We will attempt to remedy your confusion. This is a Sycamore Assassin Bug in the genus Pselliopus, probably Pselliopus barberi. Though it might bite if carelessly handled, it is a beneficial predatory species that poses no danger to humans. Assassin Bugs are all members of the family Reduviidae, and Kissing Bugs are members of the family and further classified in the Subfamily Triatominae. That means all Kissing Bugs are Assassin Bugs, but not all Assassin Bugs are Kissing Bugs.
Thank you for clarifying, and relieving my fears! So the sycamore assassin bug doesn’t carry Chaga’s disease, correct?
Correct. Also it is worth noting that while Kissing Bugs can carry Chagas Disease, it is not very common in the US. It is a much bigger problem in Latin America.

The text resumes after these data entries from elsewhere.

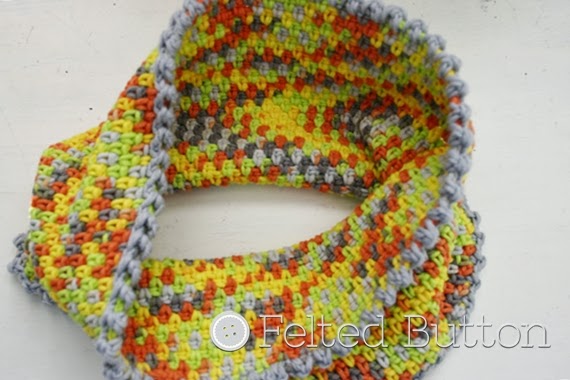 The colors are very current. The cowl is a good size. And the stitch pattern is very simple. Simple is good, huh?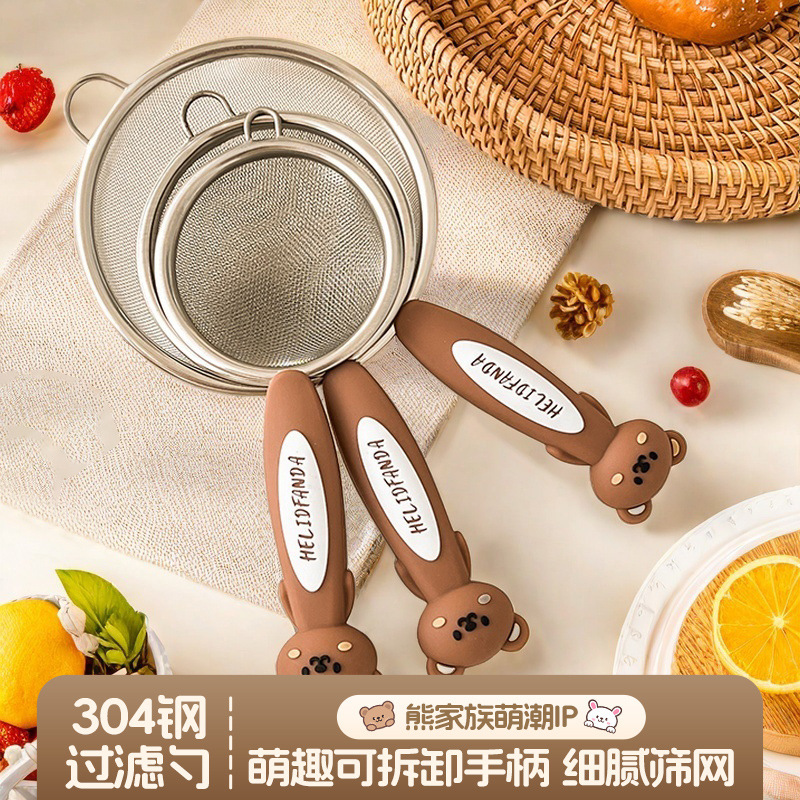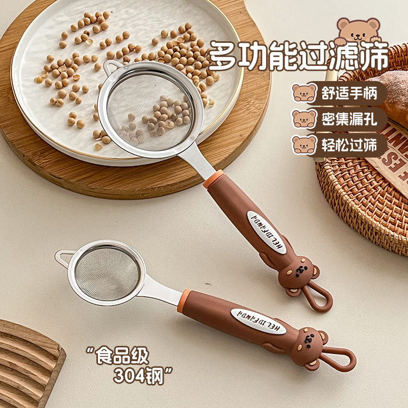 熊家族304豆乳ジュース濾過スプーン焙煎小麦粉デザートネット篩家庭用赤ちゃん補助食ガジェット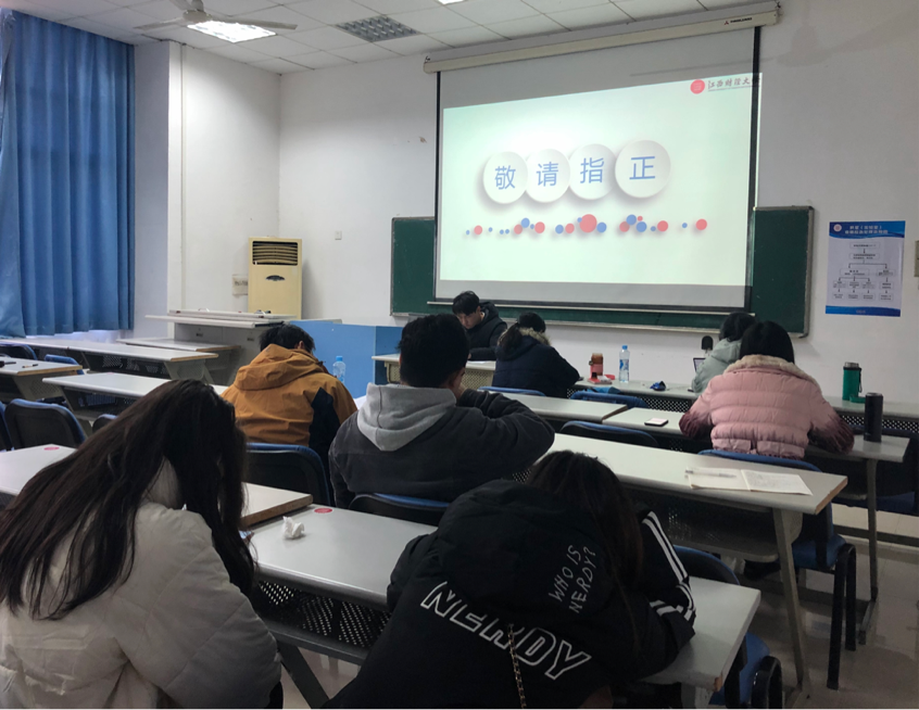 研究生们首先依照论文框架展示论文内容,对论文的选题意义、目的以及研究方法等进行介绍,着重在研究内容与结论。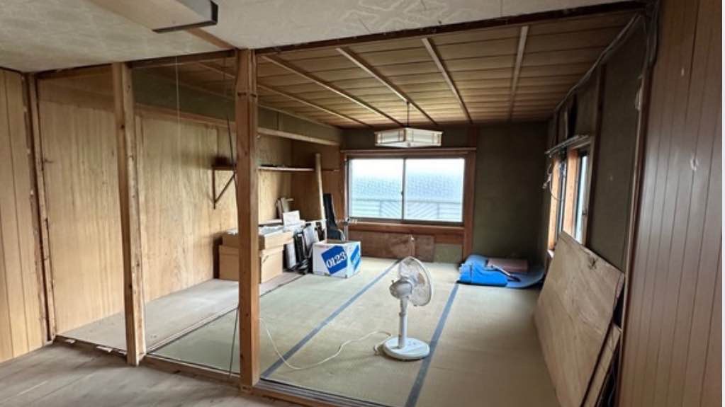 この度、皆様のお陰様で、まちまちCAFE2階の空き部屋の改修工事を今週から着工いたしました。【壁の撤去/天井の補修/畳の張り替え/ 空調設備の導入】以上が工事内容です。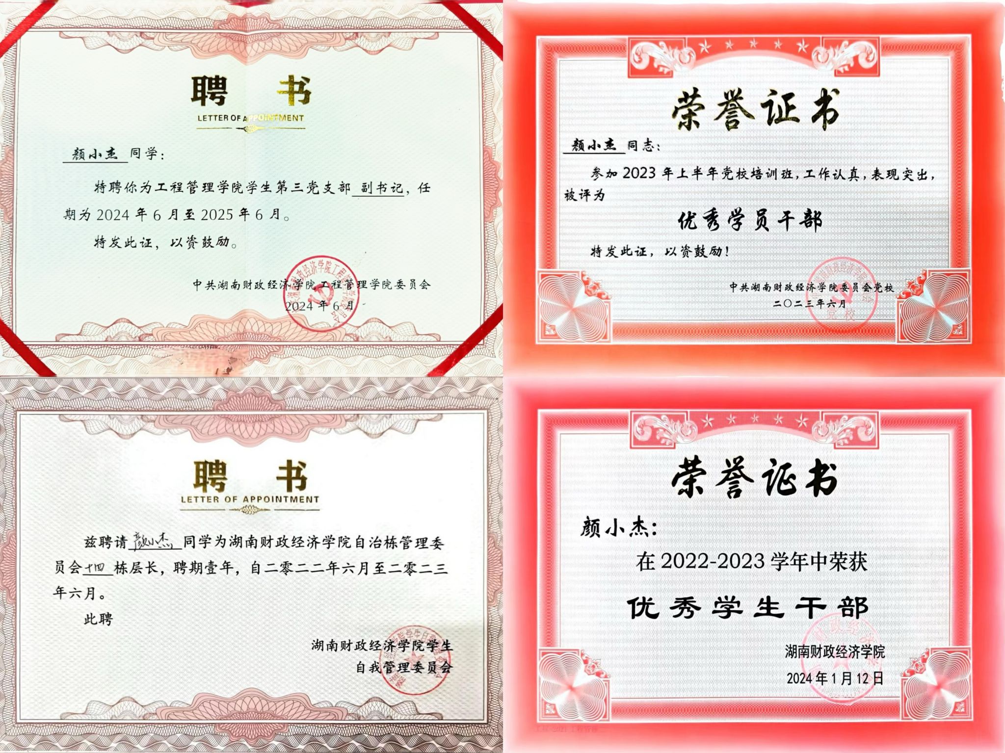 颜小杰,中共党员,best365中国官方网站工程管理2021级本科生,研究生上岸长沙理工大学。曾担任best365中国官方网站工程管理学院学生第三党支部副书记、工程管理学院2021级年级负责人、2021级工程管理二班班长等职务。在校期间荣获校级优秀学生奖学金、“三好学生”、“优秀学生干部”、“优秀志愿者”等多项荣誉,充分彰显其突出的综合能力。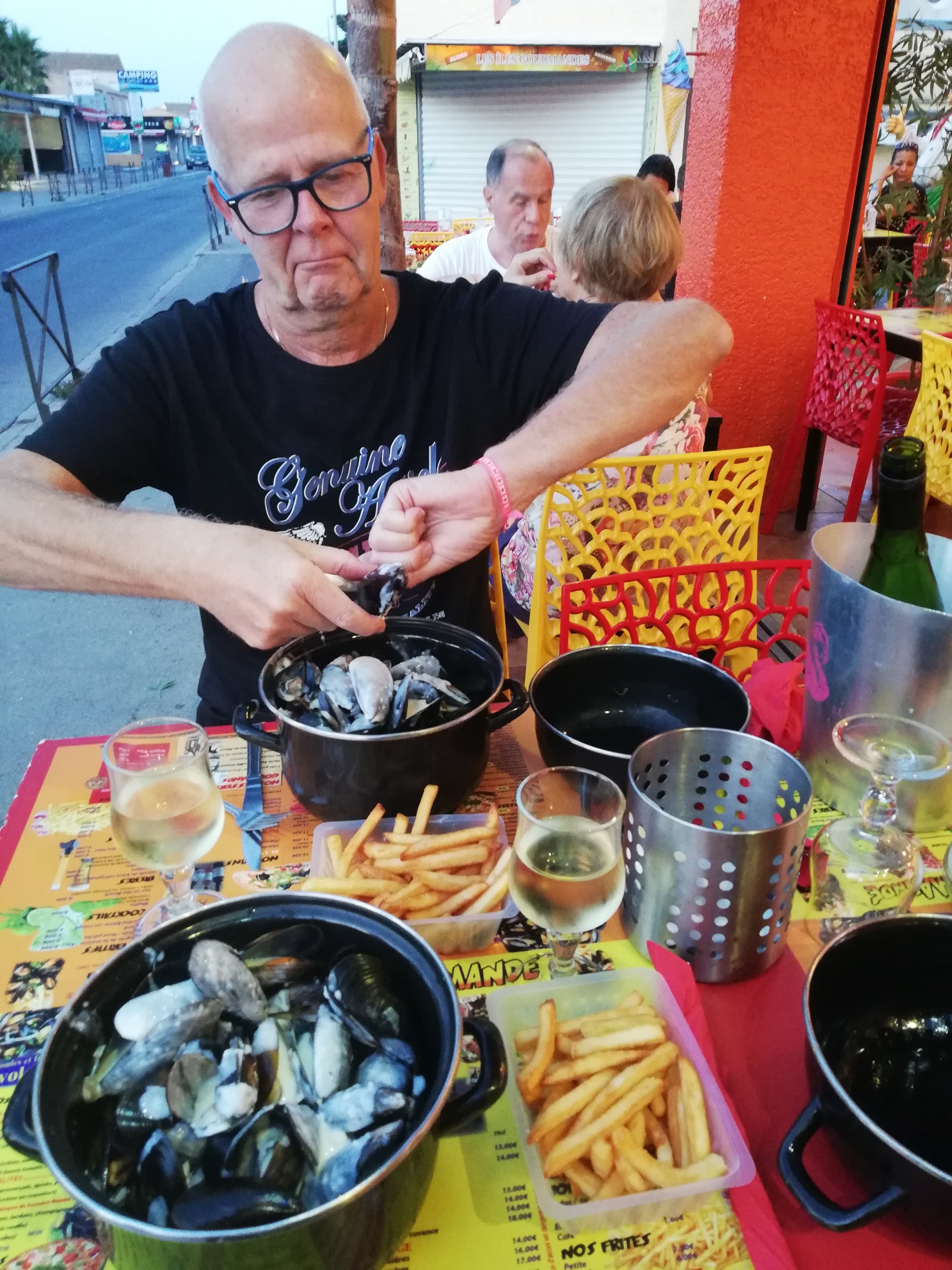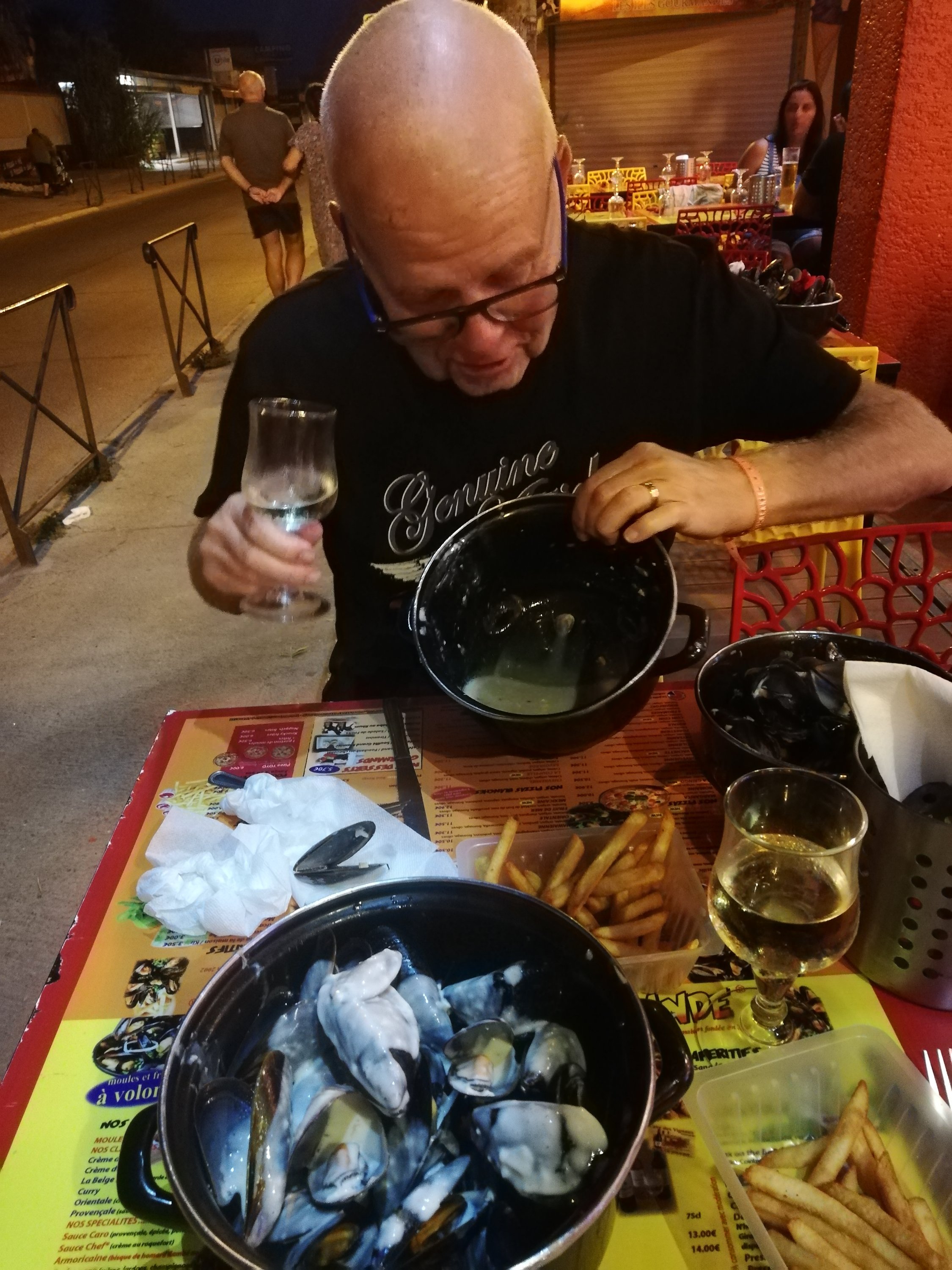 Igår kväll gick vi till restaurangen Le Moule Gormand Där åt vi nykokta musslor med vitlökscreme. Så makalöst gott. Under musslorna, på menyn stod ”à volonté” Vi tänkte inte så mycket på det, men ganska snart fick vi klart för oss att det betyder att man kan hämta påfyllning. Igen och igen och igen. Eftersom det var så gott, gjorde vi så klart det. Och jag tror vi delade på totalt 3.5 kilo 😊 Det var helt otroligt gott 😋

Letter 49 – Sycamore Assassin Bug
Subject: Difference between assassin bug and kissing bug
Geographic location of the bug: Southern New Jersey,(Wenonah) right outside of Philadelphia
Time: 10:33 PM EDT
Your letter to the bugman: I found this bug in my bathroom sink this morning. I thought it looked like a kissing bug. My bf says, no, it’s an assassin bug. Is there a difference?

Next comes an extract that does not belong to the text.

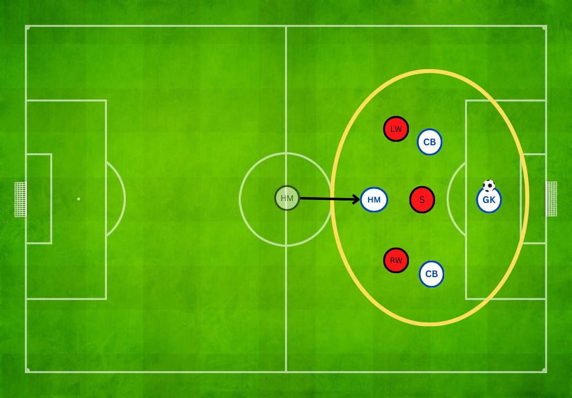 To control the ball, typically in an attacking position, to give teammates time to support the play.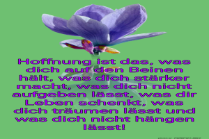 | hoffnung ist das, was dich Bild (611.74 KB) Herziges → Sprüche | Herziges → Sprüche | 04.09.-21:07 | |||

How you want your letter signed: Melody Schantz
The easiest explanation to your subject like is that all Kissing Bugs are Assassin Bugs, but not all Assassin Bugs are Kissing Bugs. Kissing Bugs in the genus Triatoma are members of the Assassin Bug family Reduviidae, so they bear a physical resemblance to other Assassin Bugs. Kissing Bugs pose a significant threat to human health as they carry the pathogen known to cause Chagas Disease in humans. Many Assassin Bugs will deliver a painful bite if carelessly handled, but the bite does not do any permanent harm. The insect in your image is a Sycamore Assassin Bug. It is not a Kissing Bug but it is possible to be bitten by a Sycamore Assassin Bug.
Wow, thank you so very much for your time and explanation!! I truly appreciate it.